DESCRIPTION OF THE TASK: Repeat the data word for word. Do not include the pictures.
======== RECORDED INFORMATION ========
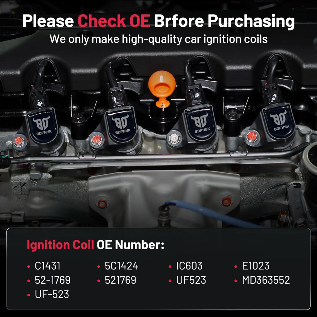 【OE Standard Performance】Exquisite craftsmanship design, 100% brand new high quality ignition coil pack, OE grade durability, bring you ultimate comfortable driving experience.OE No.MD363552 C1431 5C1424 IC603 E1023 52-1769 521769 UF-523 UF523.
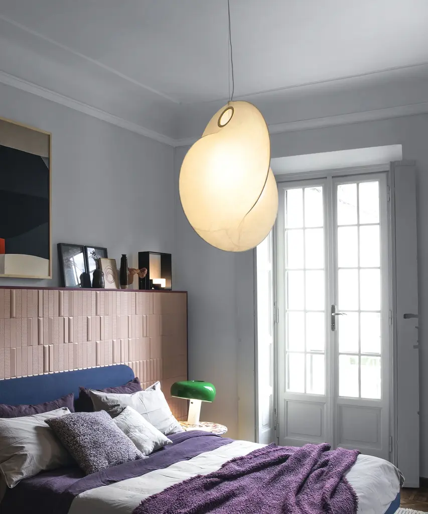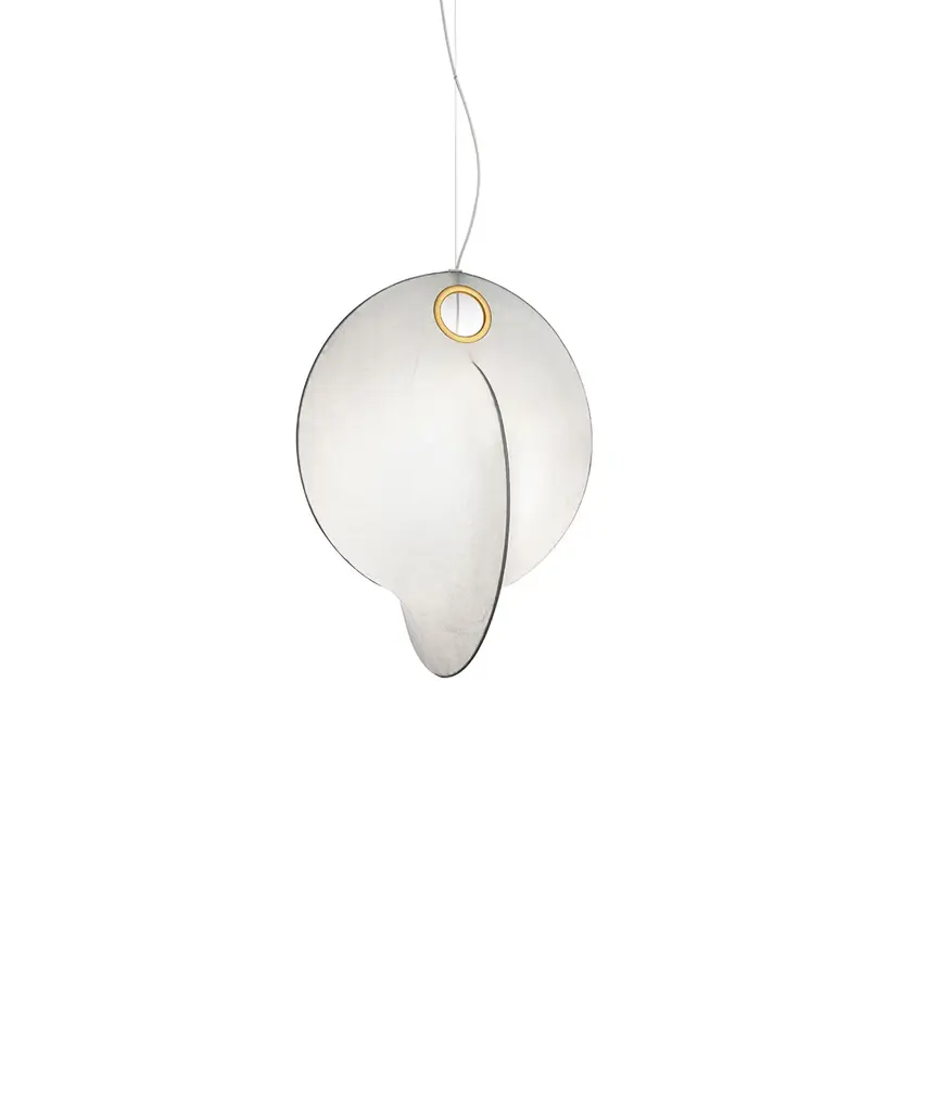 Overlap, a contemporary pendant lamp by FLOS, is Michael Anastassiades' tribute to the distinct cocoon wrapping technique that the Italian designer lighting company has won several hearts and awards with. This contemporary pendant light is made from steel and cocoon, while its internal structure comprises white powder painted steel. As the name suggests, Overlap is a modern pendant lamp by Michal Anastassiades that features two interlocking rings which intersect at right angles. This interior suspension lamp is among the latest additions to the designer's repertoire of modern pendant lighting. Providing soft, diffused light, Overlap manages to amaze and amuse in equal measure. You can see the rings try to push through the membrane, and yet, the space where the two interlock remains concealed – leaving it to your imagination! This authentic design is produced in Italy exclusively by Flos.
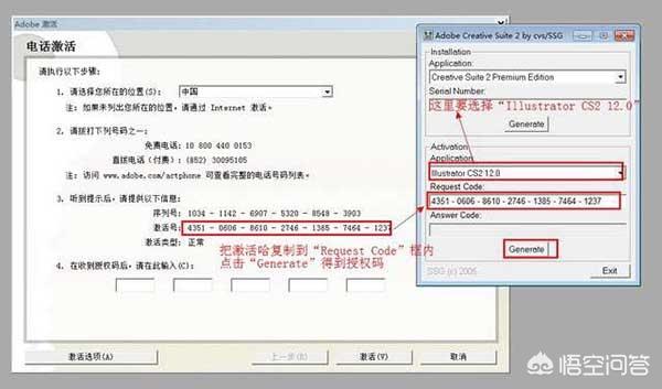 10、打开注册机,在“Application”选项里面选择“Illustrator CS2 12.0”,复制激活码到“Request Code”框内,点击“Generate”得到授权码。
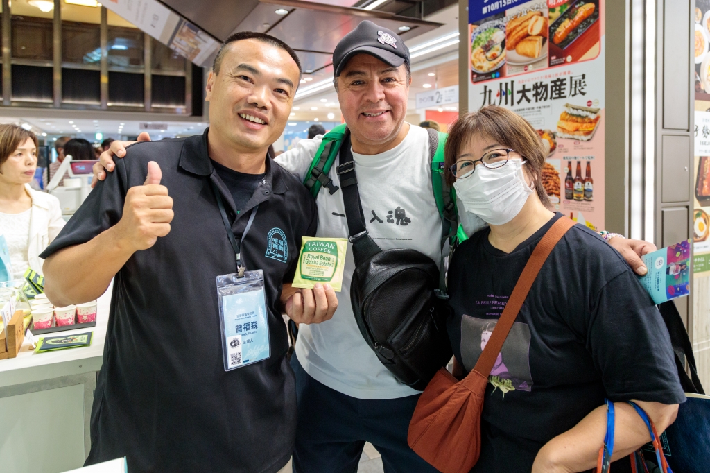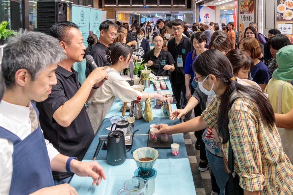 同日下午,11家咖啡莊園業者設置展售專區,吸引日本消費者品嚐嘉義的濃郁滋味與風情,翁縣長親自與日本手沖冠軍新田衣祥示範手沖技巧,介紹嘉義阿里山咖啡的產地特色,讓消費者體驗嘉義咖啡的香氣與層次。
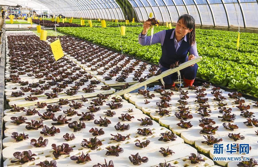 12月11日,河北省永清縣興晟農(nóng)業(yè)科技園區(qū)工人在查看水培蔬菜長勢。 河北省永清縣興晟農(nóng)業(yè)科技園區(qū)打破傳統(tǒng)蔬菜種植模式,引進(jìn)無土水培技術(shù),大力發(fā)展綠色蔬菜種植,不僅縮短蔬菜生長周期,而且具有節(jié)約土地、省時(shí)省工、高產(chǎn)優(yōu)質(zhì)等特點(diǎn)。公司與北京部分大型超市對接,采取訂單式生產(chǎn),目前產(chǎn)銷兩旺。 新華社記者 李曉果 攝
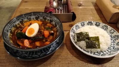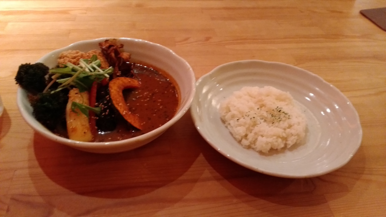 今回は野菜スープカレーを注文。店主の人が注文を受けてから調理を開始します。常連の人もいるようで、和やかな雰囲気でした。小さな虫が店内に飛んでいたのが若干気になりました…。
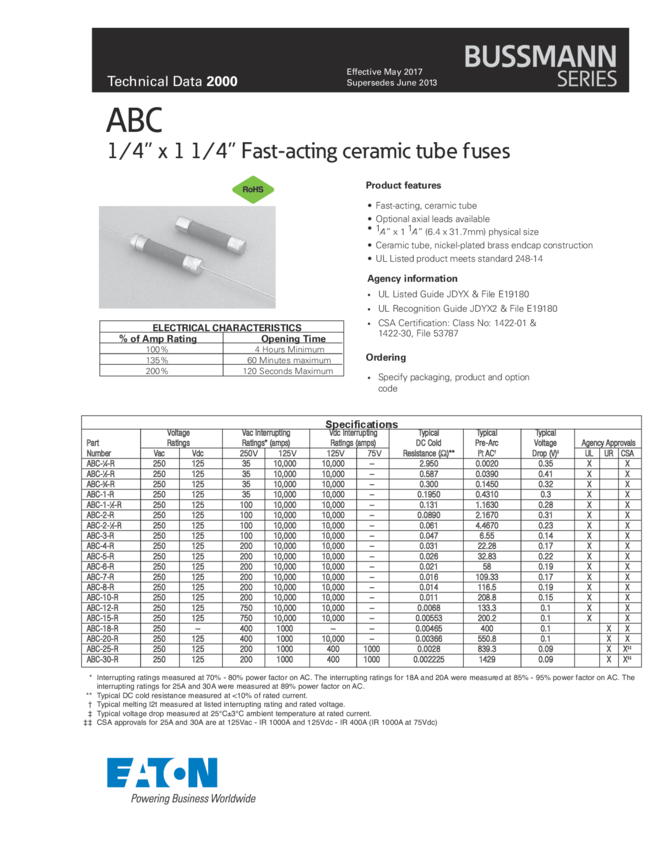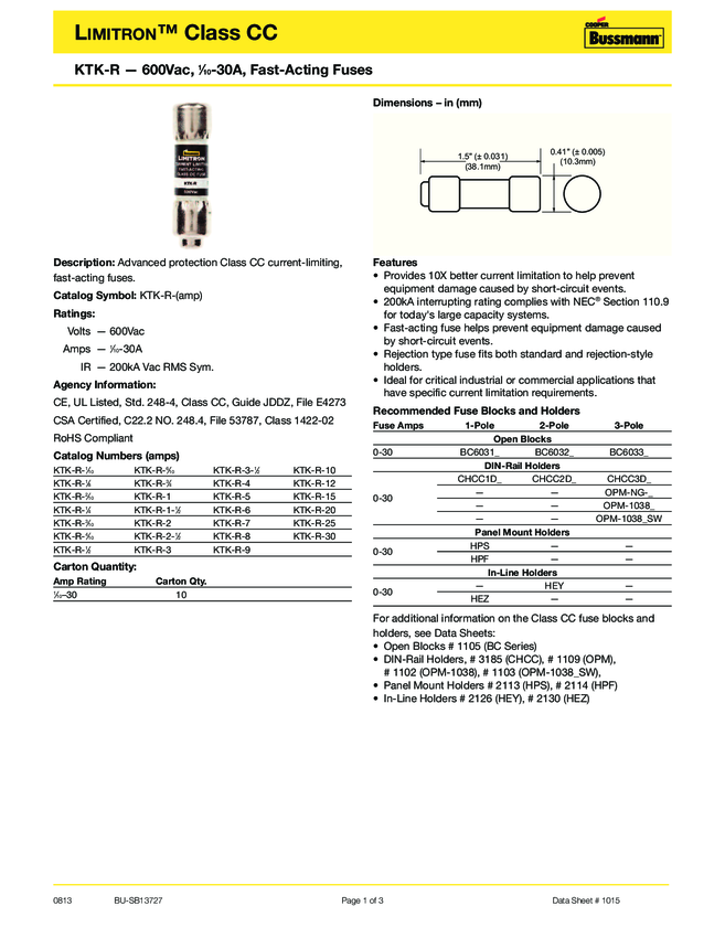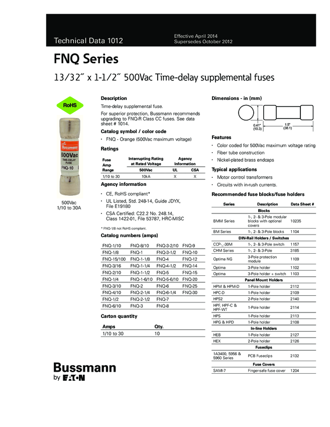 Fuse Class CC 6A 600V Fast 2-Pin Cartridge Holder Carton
========
EXERCISE SOLUTION:
 【OE Standard Performance】Exquisite craftsmanship design, 100% brand new high quality ignition coil pack, OE grade durability, bring you ultimate comfortable driving experience.OE No.MD363552 C1431 5C1424 IC603 E1023 52-1769 521769 UF-523 UF523.
 Overlap, a contemporary pendant lamp by FLOS, is Michael Anastassiades' tribute to the distinct cocoon wrapping technique that the Italian designer lighting company has won several hearts and awards with. This contemporary pendant light is made from steel and cocoon, while its internal structure comprises white powder painted steel. As the name suggests, Overlap is a modern pendant lamp by Michal Anastassiades that features two interlocking rings which intersect at right angles. This interior suspension lamp is among the latest additions to the designer's repertoire of modern pendant lighting. Providing soft, diffused light, Overlap manages to amaze and amuse in equal measure. You can see the rings try to push through the membrane, and yet, the space where the two interlock remains concealed – leaving it to your imagination! This authentic design is produced in Italy exclusively by Flos.
 10、打开注册机,在“Application”选项里面选择“Illustrator CS2 12.0”,复制激活码到“Request Code”框内,点击“Generate”得到授权码。
 同日下午,11家咖啡莊園業者設置展售專區,吸引日本消費者品嚐嘉義的濃郁滋味與風情,翁縣長親自與日本手沖冠軍新田衣祥示範手沖技巧,介紹嘉義阿里山咖啡的產地特色,讓消費者體驗嘉義咖啡的香氣與層次。
 12月11日,河北省永清縣興晟農(nóng)業(yè)科技園區(qū)工人在查看水培蔬菜長勢。 河北省永清縣興晟農(nóng)業(yè)科技園區(qū)打破傳統(tǒng)蔬菜種植模式,引進(jìn)無土水培技術(shù),大力發(fā)展綠色蔬菜種植,不僅縮短蔬菜生長周期,而且具有節(jié)約土地、省時(shí)省工、高產(chǎn)優(yōu)質(zhì)等特點(diǎn)。公司與北京部分大型超市對接,采取訂單式生產(chǎn),目前產(chǎn)銷兩旺。 新華社記者 李曉果 攝
 今回は野菜スープカレーを注文。店主の人が注文を受けてから調理を開始します。常連の人もいるようで、和やかな雰囲気でした。小さな虫が店内に飛んでいたのが若干気になりました…。
 Fuse Class CC 6A 600V Fast 2-Pin Cartridge Holder Carton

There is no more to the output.